After a long and bitter news conference on Nov. 7, Attorney General Jesús Murillo Karam said, "Ya me cansé" and tried to leave. Those words soon were shoved down his throat via the Twitter hashtag #yamecanse. According to tracking site Topsey, it was used more than 3.6 million times in November. "That phrase," Lashley says, "was tailor-made for a social-media backlash. This is a substantial movement poised to continue, and you're seeing lots of creative uses of the hashtag, both in the demonstrations themselves" - in which protestors sometimes lie down and pretend to sleep or be tired - and in YouTube videos and editorial cartoons, taking government down a notch and allowing social media to work as the people's voice.
The door of the National Palace on the Zócalo in Mexico City was set ablaze. On Nov. 20, tens of thousands marched down the Paseo de la Reforma in Mexico City and gathered in the Zócalo.
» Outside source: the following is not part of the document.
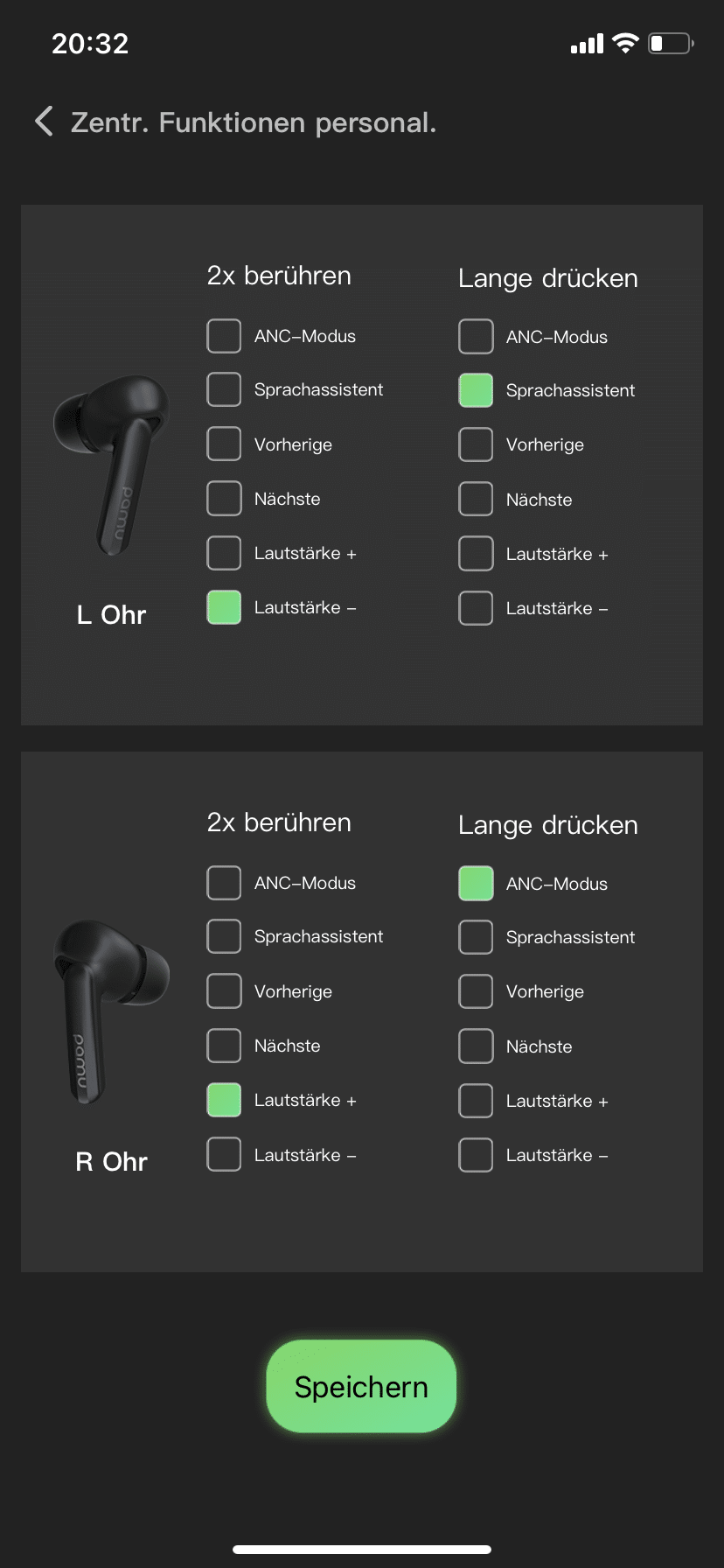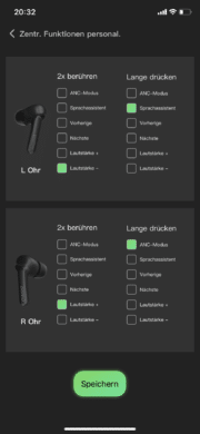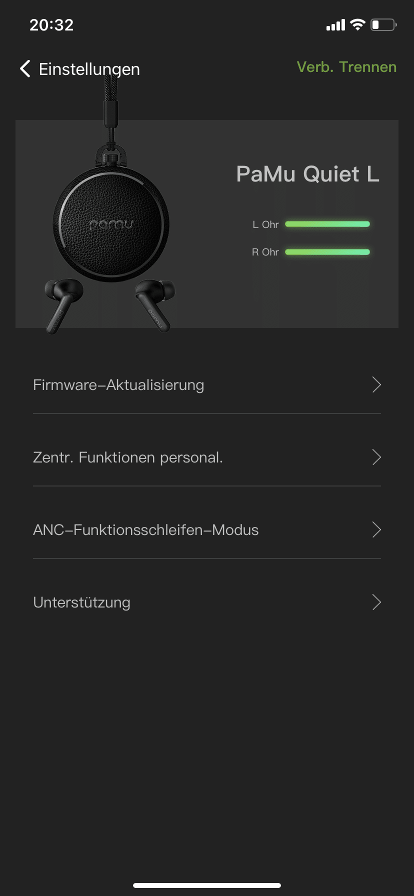 Möchte man den Ladezustand sehen, so lässt sich dies über die App realisieren. Grundsätzlich lassen sich die wichtigsten Features einstellen, überladen mit Features ist diese jedoch auf keinen Fall. Das Einbinden der Kopfhörer verläuft eigenständig, in der App kann man dann, wie erwähnt, den Ladezustand sehen, den ANC-Modus ändern, die Firmware aktualisieren und die Touchfunktionen anpassen.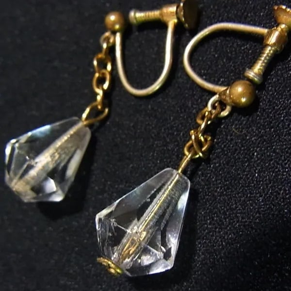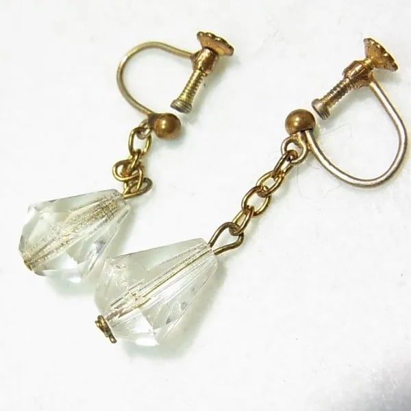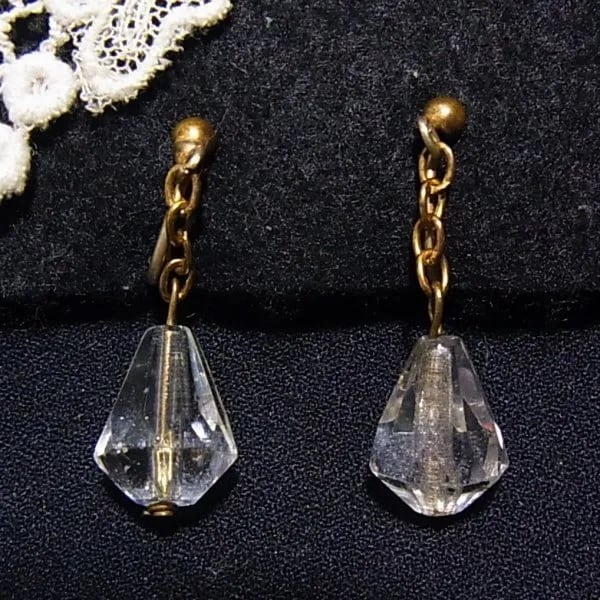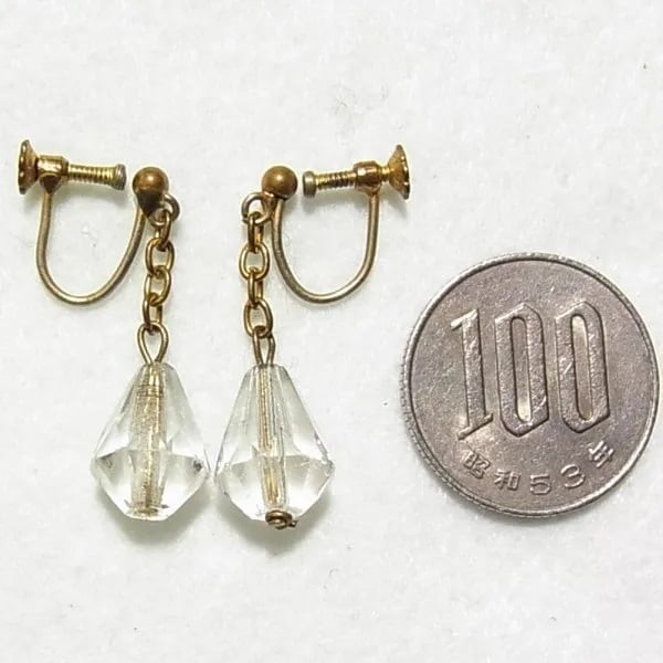 クリアガラスビーズの下がるイヤリング ヴィンテージアクセサリーのセール通販 11670E

Sympathy protests arose in New York; Geneva, Switzerland; and Cologne, Germany.
So - do such media-driven protests "work"? It can be very hard to tell. In Jacksonville, Michael Dunn, who fired a gun into a van and killed a black man, was sentenced to life without parole on Oct. 17. In Ferguson, Officer Darren Wilson, who shot Michael Brown, was not indicted, but he now says he is leaving the police force. On Monday, the White House published a report and guidelines on "Strengthening Community Policing." On the other hand, the Chinese protest seems as if it's being scuttled. And there have been arrests in Mexico - but not of those being accused.
So the question remains: When is social-media protest just slacktivism, and when is it something more? And how do we know when it's working?